Illuminating the Beauty in Our Broken Places

Thursday, April 13, 2017 - 5:00 am

Illuminating the Beauty in Our Broken Places

I have a favorite coffee mug that I use every morning for making my own cup of coffee. The ritual pleases me. My own coffee, ground and brewed fresh. The aroma of the coffee that fills my home. My fingers wrapped around the cup. Soft music playing. It’s a lovely way to start my morning.

Recently my beloved cup got a chip in it. I don’t remember where the chip came from, but I look at it each time I go to drink from the cup. Thinking about the chipped cup makes me think a lot about cracks. Cracked spaces. Cracked hearts.

I have been writing, for a while, about the theology of cracked spaces, about failing and failing better. It’s a realization that life is not a smooth, linear climb to the mountaintop of “success,” but often a messy, beautifully messy series of falling flat on one’s face, bouncing back, and falling slightly less awkwardly the next time. (And the next, and the next.)

So thinking about cracking and breaking and chipping (and healing) has been with me for a while. But until recently I had not thought about how there is a beauty that can emerge from the cracked spaces. That there is a way to illuminate cracked cups, spaces, hearts.

Turns out that the Japanese have been doing so for the last 400 to 500 years. It’s called kintsukuroi.

It’s a Japanese art form. Cups, chalices, mugs, dishes that are cracked are repaired with gold or silver lacquer. Kintsukuroi is also referred to as kintsugi, meaning “golden repair.

An example of kintsugi by Dutch designer Lotte Dekker.

There is an interview with a 27-year-old Kintsugi master, who explains how this works:

“It’s very important that we understand the spiritual backgrounds or the history behind… the material.”
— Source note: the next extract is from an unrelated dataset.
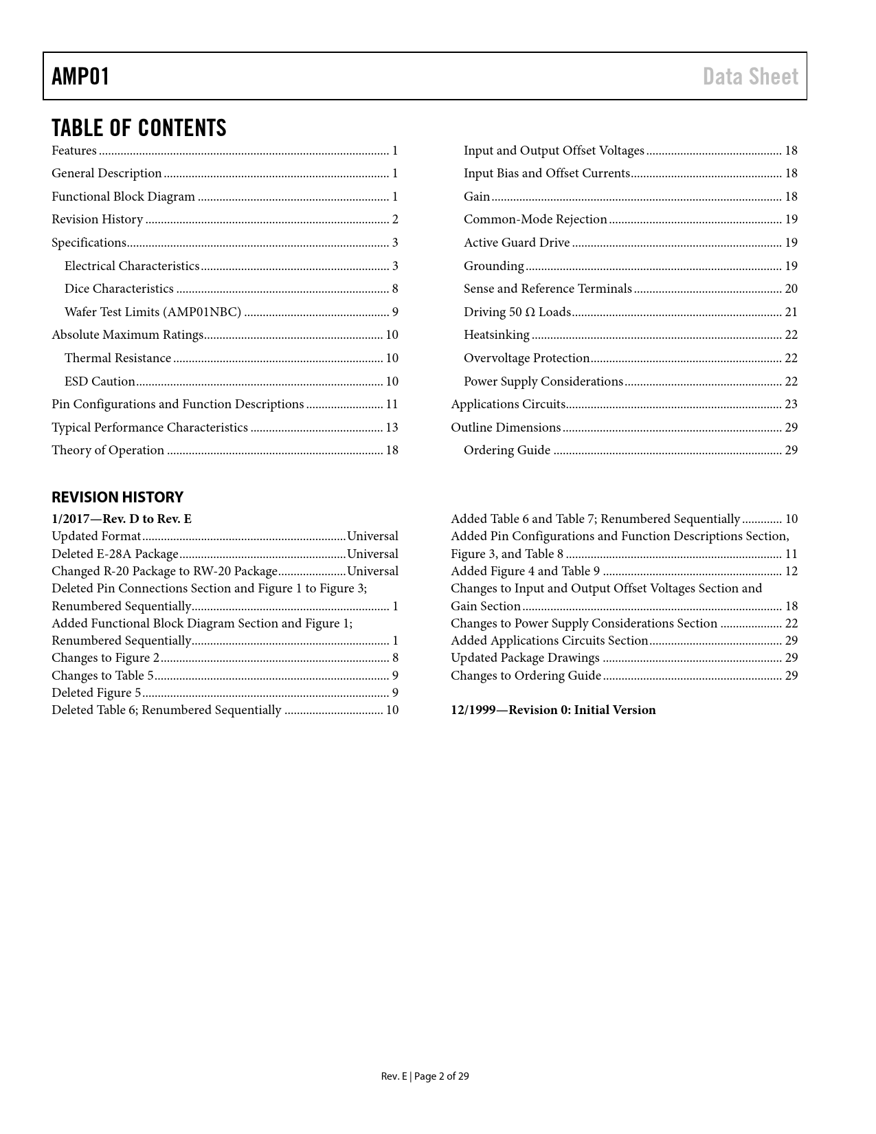 link to page 1 link to page 1 link to page 1 link to page 3 link to page 4 link to page 4 link to page 9 link to page 10 link to page 11 link to page 11 link to page 11 link to page 12 link to page 14 link to page 19 link to page 19 link to page 19 link to page 19 link to page 20 link to page 20 link to page 20 link to page 21 link to page 22 link to page 23 link to page 23 link to page 23 link to page 24 link to page 30 link to page 30 AMP01Data SheetTABLE OF CONTENTS Features .. 1 Input and Output Offset Voltages .. 18 General Description ... 1 Input Bias and Offset Currents ... 18 Functional Block Diagram .. 1 Gain .. 18 Revision History ... 2 Common-Mode Rejection .. 19 Specifications ... 3 Active Guard Drive .. 19 Electrical Characteristics ... 3 Grounding ... 19 Dice Characteristics ... 8 Sense and Reference Terminals .. 20 Wafer Test Limits (AMP01NBC) ... 9 Driving 50 Ω Loads .. 21 Absolute Maximum Ratings .. 10 Heatsinking ... 22 Thermal Resistance .. 10 Overvoltage Protection .. 22 ESD Caution .. 10 Power Supply Considerations ... 22 Pin Configurations and Function Descriptions ... 11 Applications Circuits .. 23 Typical Performance Characteristics ... 13 Outline Dimensions ... 29 Theory of Operation .. 18 Ordering Guide .. 29 REVISION HISTORY1/2017—Rev. D to Rev. E Added Table 6 and Table 7; Renumbered Sequentially ... 10 Updated Format .. Universal Added Pin Configurations and Function Descriptions Section, Deleted E-28A Package .. Universal Figure 3, and Table 8 .. 11 Changed R-20 Package to RW-20 Package .. Universal Added Figure 4 and Table 9 .. 12 Deleted Pin Connections Section and Figure 1 to Figure 3; Changes to Input and Output Offset Voltages Section and Renumbered Sequentially .. 1 Gain Section .. 18 Added Functional Block Diagram Section and Figure 1; Changes to Power Supply Considerations Section .. 22 Renumbered Sequentially .. 1 Added Applications Circuits Section ... 29 Changes to Figure 2 .. 8 Updated Package Drawings .. 29 Changes to Table 5 .. 9 Changes to Ordering Guide .. 29 Deleted Figure 5 .. 9 Deleted Table 6; Renumbered Sequentially .. 10 12/1999—Revision 0: Initial Version Rev. E | Page 2 of 29 Document Outline FEATURES GENERAL DESCRIPTION FUNCTIONAL BLOCK DIAGRAM TABLE OF CONTENTS REVISION HISTORY SPECIFICATIONS ELECTRICAL CHARACTERISTICS DICE CHARACTERISTICS WAFER TEST LIMITS (AMP01NBC) ABSOLUTE MAXIMUM RATINGS THERMAL RESISTANCE ESD CAUTION PIN CONFIGURATIONS AND FUNCTION DESCRIPTIONS TYPICAL PERFORMANCE CHARACTERISTICS THEORY OF OPERATION INPUT AND OUTPUT OFFSET VOLTAGES INPUT BIAS AND OFFSET CURRENTS GAIN COMMON-MODE REJECTION ACTIVE GUARD DRIVE GROUNDING SENSE AND REFERENCE TERMINALS DRIVING 50 Ω LOADS HEATSINKING OVERVOLTAGE PROTECTION POWER SUPPLY CONSIDERATIONS APPLICATIONS CIRCUITS OUTLINE DIMENSIONS ORDERING GUIDE

This is interwoven with the philosophy of wabi-sabi, which means “to find beauty in broken things or old things.”

I wonder what it would be like to live knowing that our own hearts are like these cracked, illuminated, and healed dishes. Oh, it is so sweet and innocent to love a heart that has never been broken.
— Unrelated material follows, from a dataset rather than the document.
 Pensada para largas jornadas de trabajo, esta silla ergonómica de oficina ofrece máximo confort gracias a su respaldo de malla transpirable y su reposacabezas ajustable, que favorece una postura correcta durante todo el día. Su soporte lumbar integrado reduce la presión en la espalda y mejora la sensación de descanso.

There is a simplicity, a childlike naïveté to that kind of love. And there is a love, a mature love, a whole love, a healed love, to loving someone who has been broken and healed, made whole again, and where the cracks are golden.

We see what was once broken and is now healed. Sometimes they are stronger, more beautiful, more whole for the cracks showing up.
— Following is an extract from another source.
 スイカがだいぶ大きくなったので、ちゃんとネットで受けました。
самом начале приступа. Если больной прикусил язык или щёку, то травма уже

Desmond Tutu was right. We are all wounded healers. Cracked open, healed, and healing wounded healers.

We value success, wholeness. Unlike this Japanese art form, we don’t yet have a way of looking for what was once broken and has been healed and illuminated. How lovely would it be to find that a cracked and illuminated cup can be even more beautiful than a whole cup. How wise to realize that the broken hearts, illuminated and made whole, can be even lovelier.

Give me someone who knows their own vulnerability and sees mine.
Give me someone whose cracked spaces are golden.
Give me someone who has helped do kintsugi to my cracked spaces.
Give me someone who is open to me doing kintsugi to their cracked heart.

So friends, wabi-sabi me.
Let me wabi-sabi you.

Let’s repair each other.
Let’s seek what’s cracked in each other.
Let’s heal our broken spaces.
Let’s fill what’s broken with gold.

May we emerge more beautiful, more whole, and luminous.

So, my love, come and see the beauty in my cracked spaces.
I see the beauty in yours.

You are not a heart that I will discard.
Do not discard me.
We can emerge from this healing golden, more beautiful.

May all that is cracked and broken be healed
be illuminated.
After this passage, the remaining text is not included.